Where would be the best place to find the best deal on a S15 Front end conversion? The whole shabbang, fenders, bumper, hood, lights.

Mike


----------



## Guest (May 1, 2002)

Japan


----------



## Guest (May 1, 2002)

You probably will have a hard time finding it here, and even if you did, it would cost $5-6k+ for the parts + install, or more.


----------



## Guest (May 1, 2002)

Well Infiniti Motorsports, they offer the whole front end conversion, for 3999. I was just wondering if there was possibly a better deal out there.


----------



## Guest (May 2, 2002)

KingEkstacy said:


> *Well Infiniti Motorsports, they offer the whole front end conversion, for 3999. I was just wondering if there was possibly a better deal out there. *


Yeah, thats about what I thought it would be... Are you talking about converting an S13 or an S14? Where is Infiniti Motorsports located? Website?

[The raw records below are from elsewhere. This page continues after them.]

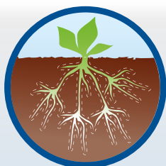
AMINO Active je prírodný fyzio-stimulant
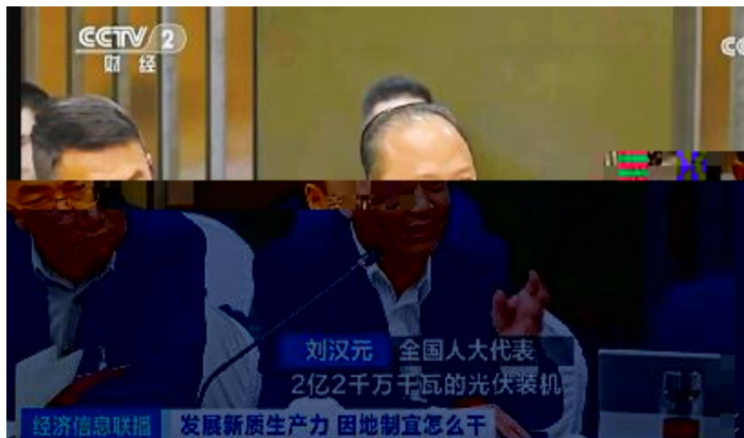
全国人大代表、全国工商联副主席、通威集团董事局刘汉元主席发言

刘汉元主席在两会期间，就光伏行业高质量发展提出多项建议。他建议，要进一步完善光伏行业政策体系，加大财政支持力度，优化光伏项目审批流程，支持民营企业公平参与光伏电站投资，推动光伏产业绿色转型和高质量发展。
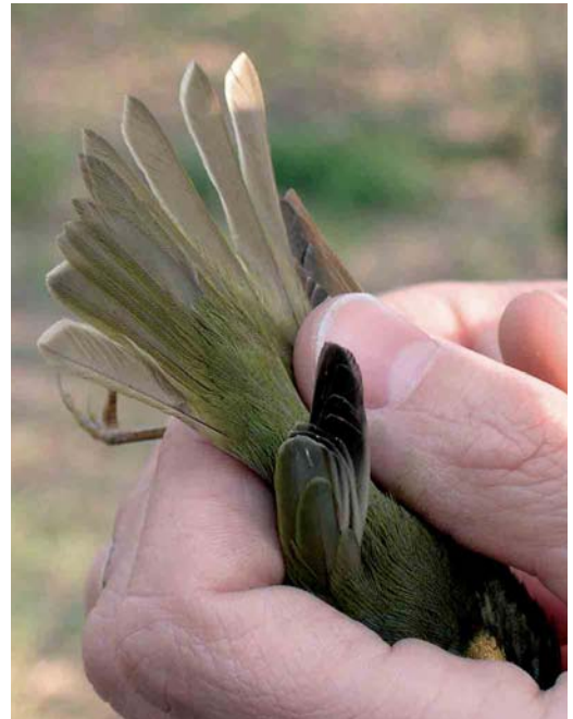
27 Eastern Crowned Warbler / Kroonboszanger Phylloscopus coronatus , Happy Island, Hebei, China, May 2005. Note that t4-6 show white fringes.

By now, we have gone through all Phylloscopus species depicted in the most commonly

You might want to try searching, or posting a thread at http://www.zilvia.net, a lot of Silvia/240sx stuff there.


----------



## Guest (May 2, 2002)

its www.infinitemotorsports.net


----------



## Guest (May 2, 2002)

These guys have it for a decent price:

http://www.wholesalehyperformance.com/jdm.html


----------



## Guest (May 2, 2002)

Yeah, I saw that place too, the only problem is that they only have fiberglass bumpers. I personally have never put a body kit on any of my cars, but I have heard soo many bad things about fiberglass. That it cracks easily, and that paint doesn't stick to it well. Are Greddy products, the aero parts, fiberglass or urethane?


----------



## Guest (May 6, 2002)

Isn't Veilside the only company with urethane kits?


----------



## S15dude (May 7, 2002)

If your doing it yourself it will be a hard job anyways, if your having a reputable shop do the work, fiberglas shouldn't be a problem. As long as they prep it and primer it good, it shouldn't look any different. Just be careful around dips and speedbumps cuz it might crack a little easier.


----------



## Guest (May 8, 2002)

midnight motorsports  sells it for a good price, check them out.


----------